Task
Set down exactly the lines below between the line holding "Elegant Draped Neck" and the line holding "Estão abertas as", inclusive; no other line belongs in the answer.

Dataset

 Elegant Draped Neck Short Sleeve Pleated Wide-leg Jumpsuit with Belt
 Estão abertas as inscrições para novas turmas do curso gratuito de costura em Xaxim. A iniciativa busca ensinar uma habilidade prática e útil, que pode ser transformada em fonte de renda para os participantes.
==
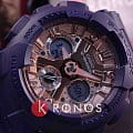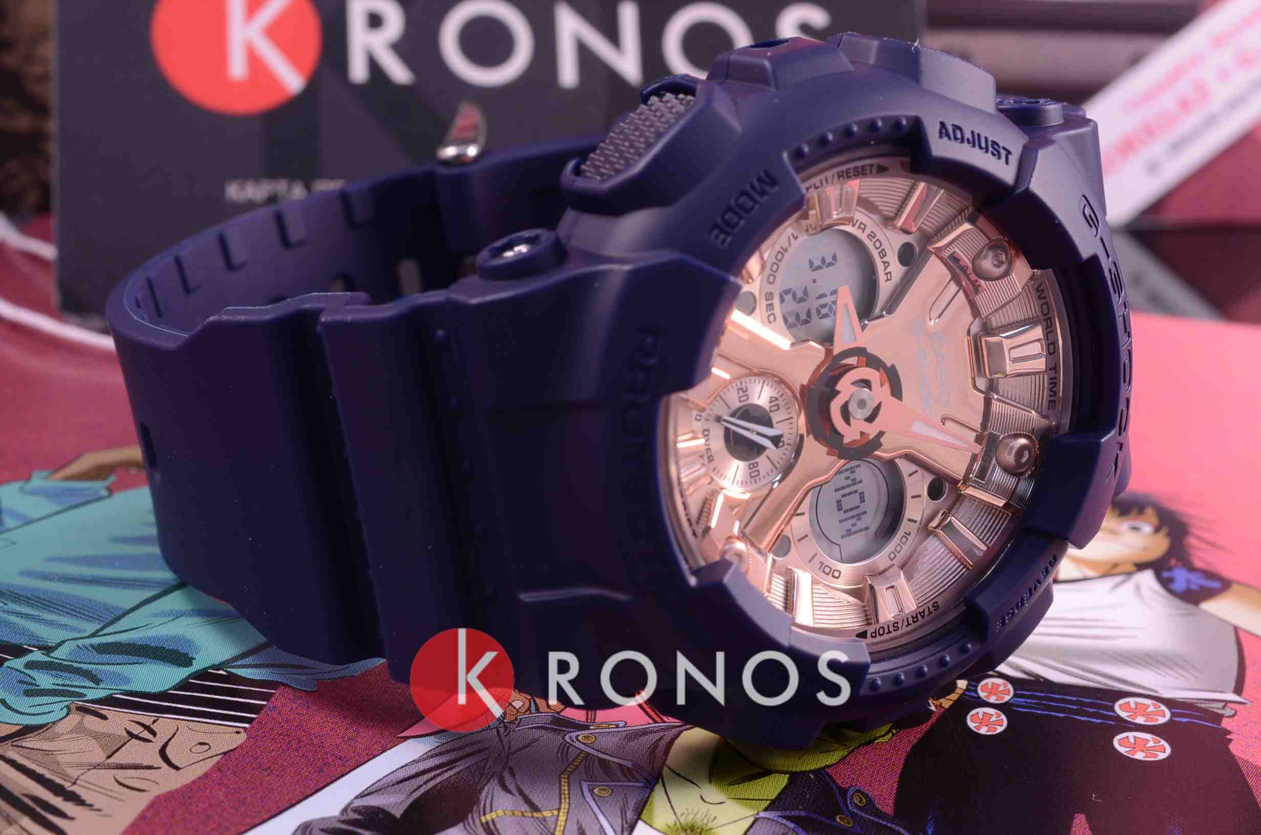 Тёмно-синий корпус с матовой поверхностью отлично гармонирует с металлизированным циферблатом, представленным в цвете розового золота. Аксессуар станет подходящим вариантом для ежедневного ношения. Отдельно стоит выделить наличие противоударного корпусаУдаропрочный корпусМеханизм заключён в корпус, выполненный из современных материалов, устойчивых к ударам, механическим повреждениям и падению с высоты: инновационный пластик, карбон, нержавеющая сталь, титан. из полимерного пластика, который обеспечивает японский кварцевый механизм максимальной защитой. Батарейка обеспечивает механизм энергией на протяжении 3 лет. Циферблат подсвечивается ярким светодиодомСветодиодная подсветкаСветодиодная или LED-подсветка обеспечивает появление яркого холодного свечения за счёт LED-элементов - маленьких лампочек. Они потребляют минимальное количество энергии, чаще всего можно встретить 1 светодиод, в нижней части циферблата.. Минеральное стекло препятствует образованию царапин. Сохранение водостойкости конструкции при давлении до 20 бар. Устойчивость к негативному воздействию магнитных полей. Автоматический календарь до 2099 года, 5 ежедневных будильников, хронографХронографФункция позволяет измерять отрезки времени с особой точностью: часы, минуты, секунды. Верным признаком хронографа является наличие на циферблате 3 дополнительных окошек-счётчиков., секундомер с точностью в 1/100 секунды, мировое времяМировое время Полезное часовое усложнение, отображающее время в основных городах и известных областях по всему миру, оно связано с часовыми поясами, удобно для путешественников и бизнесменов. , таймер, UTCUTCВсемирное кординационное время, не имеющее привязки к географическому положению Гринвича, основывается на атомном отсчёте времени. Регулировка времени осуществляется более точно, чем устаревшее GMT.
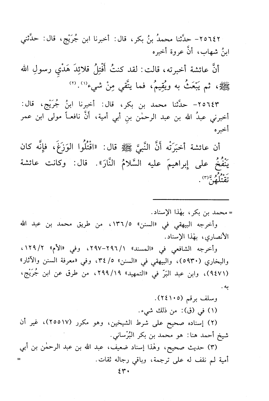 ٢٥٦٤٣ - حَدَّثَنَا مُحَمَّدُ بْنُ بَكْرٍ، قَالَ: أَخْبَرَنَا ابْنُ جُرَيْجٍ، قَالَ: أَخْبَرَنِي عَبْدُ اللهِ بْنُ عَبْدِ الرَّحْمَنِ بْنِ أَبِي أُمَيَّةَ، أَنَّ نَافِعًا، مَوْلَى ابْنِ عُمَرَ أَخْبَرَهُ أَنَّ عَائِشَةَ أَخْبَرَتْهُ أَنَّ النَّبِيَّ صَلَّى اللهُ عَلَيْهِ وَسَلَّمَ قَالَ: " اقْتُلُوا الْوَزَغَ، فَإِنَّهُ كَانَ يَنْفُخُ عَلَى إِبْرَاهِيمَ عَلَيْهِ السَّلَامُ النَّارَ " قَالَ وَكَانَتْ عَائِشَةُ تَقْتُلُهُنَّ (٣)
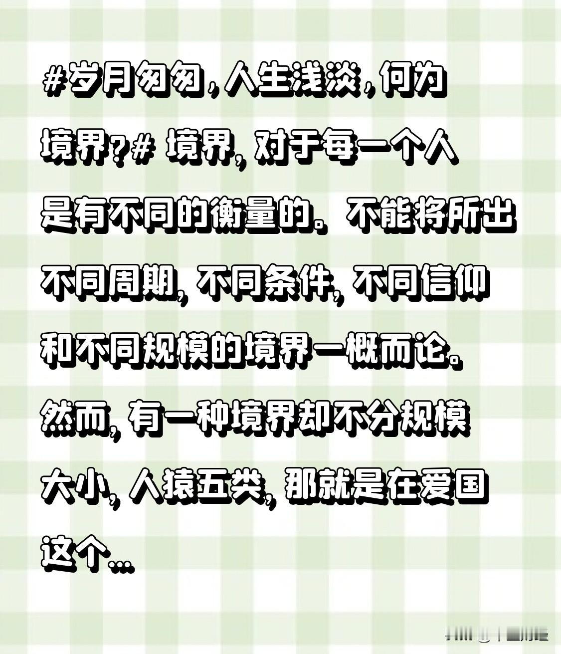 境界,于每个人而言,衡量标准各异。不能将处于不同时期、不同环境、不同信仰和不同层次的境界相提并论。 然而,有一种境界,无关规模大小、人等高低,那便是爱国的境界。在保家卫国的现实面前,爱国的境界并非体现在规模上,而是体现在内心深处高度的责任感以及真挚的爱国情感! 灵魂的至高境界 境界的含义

Expected output
 Elegant Draped Neck Short Sleeve Pleated Wide-leg Jumpsuit with Belt
 Estão abertas as inscrições para novas turmas do curso gratuito de costura em Xaxim. A iniciativa busca ensinar uma habilidade prática e útil, que pode ser transformada em fonte de renda para os participantes.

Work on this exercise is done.